PRIS: Practical robust invertible network for image steganography
Hang Yang, Yitian Xu, Xuhua Liu, Xiaodong Ma

TL;DR
PRIS introduces a robust invertible neural network-based method for image steganography that enhances resistance to distortions like noise and compression, considering rounding errors with a new gradient approximation, outperforming existing techniques.
Contribution
The paper presents PRIS, a novel invertible neural network framework with enhancement modules and a gradient approximation to improve robustness and practicality in image steganography.
Findings
PRIS outperforms state-of-the-art methods in robustness.
The method effectively handles rounding errors in practical scenarios.
Experimental results demonstrate improved robustness and practicability.
Abstract
Image steganography is a technique of hiding secret information inside another image, so that the secret is not visible to human eyes and can be recovered when needed. Most of the existing image steganography methods have low hiding robustness when the container images affected by distortion.
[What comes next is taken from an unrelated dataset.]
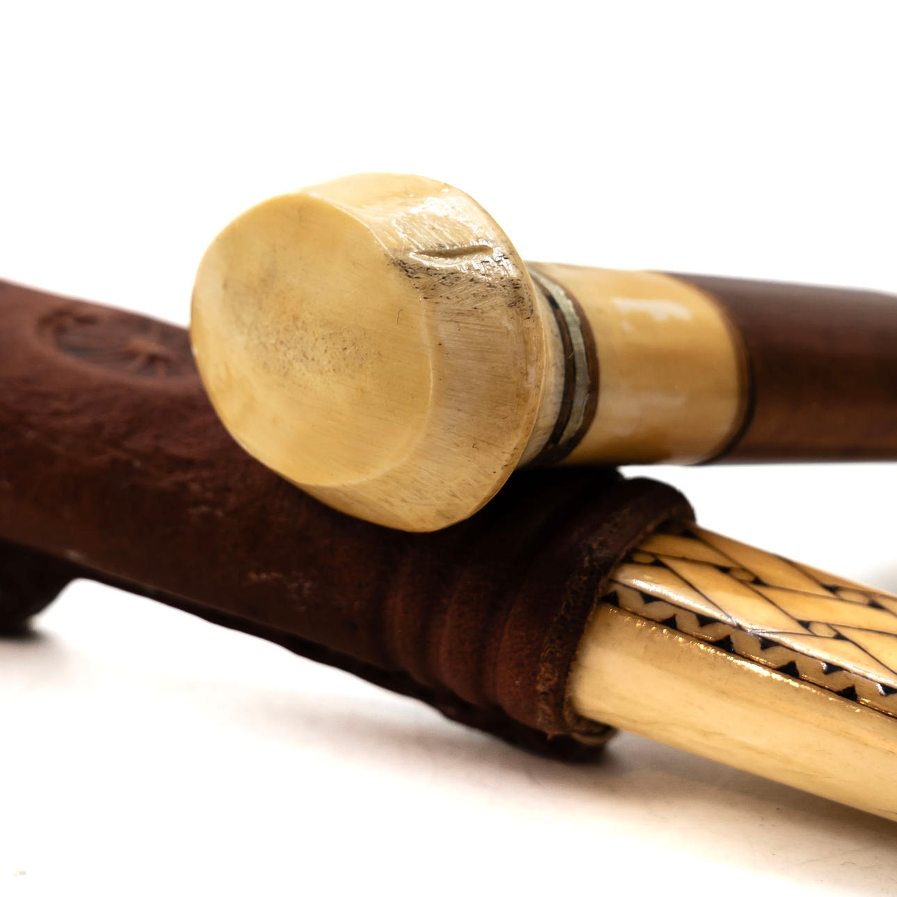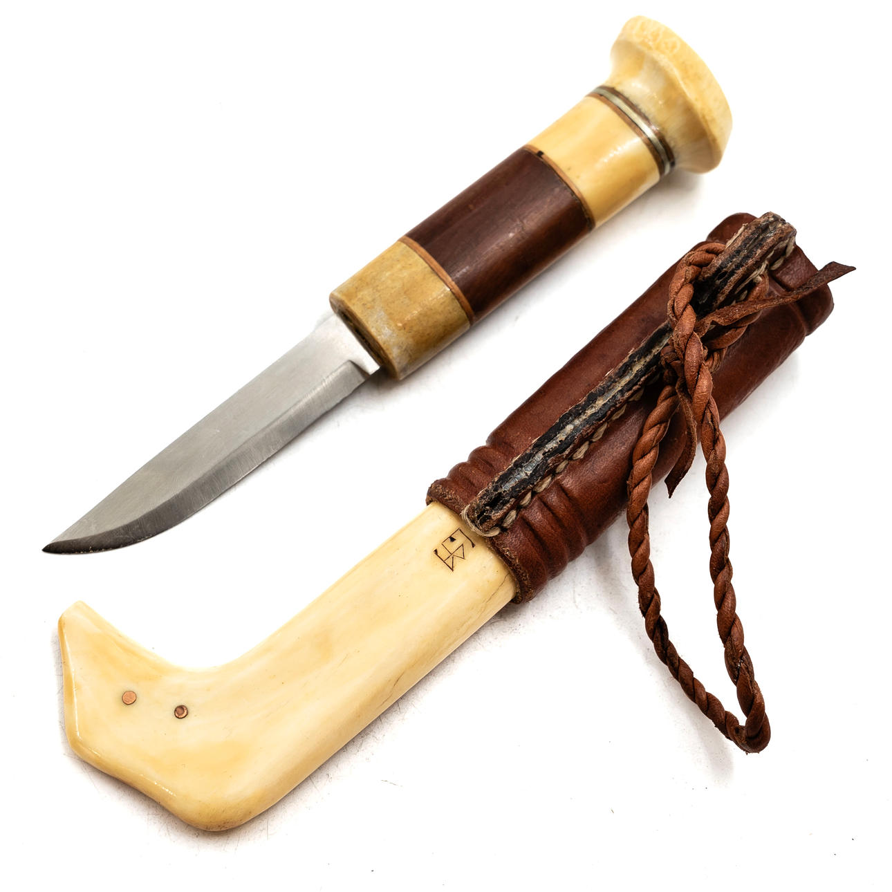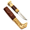 Knife made of engraved reindeer horn, leather and birch. Signed: EB

Such as Gaussian noise and lossy compression. This paper proposed PRIS to improve the robustness of image steganography, it based on invertible neural networks, and put two enhance modules before and after the extraction process with a 3-step training strategy. Moreover, rounding error is considered which is always ignored by existing methods, but actually it is unavoidable in practical. A gradient approximation function (GAF) is also proposed to overcome the undifferentiable issue of rounding distortion. Experimental results show that our PRIS outperforms the state-of-the-art robust image…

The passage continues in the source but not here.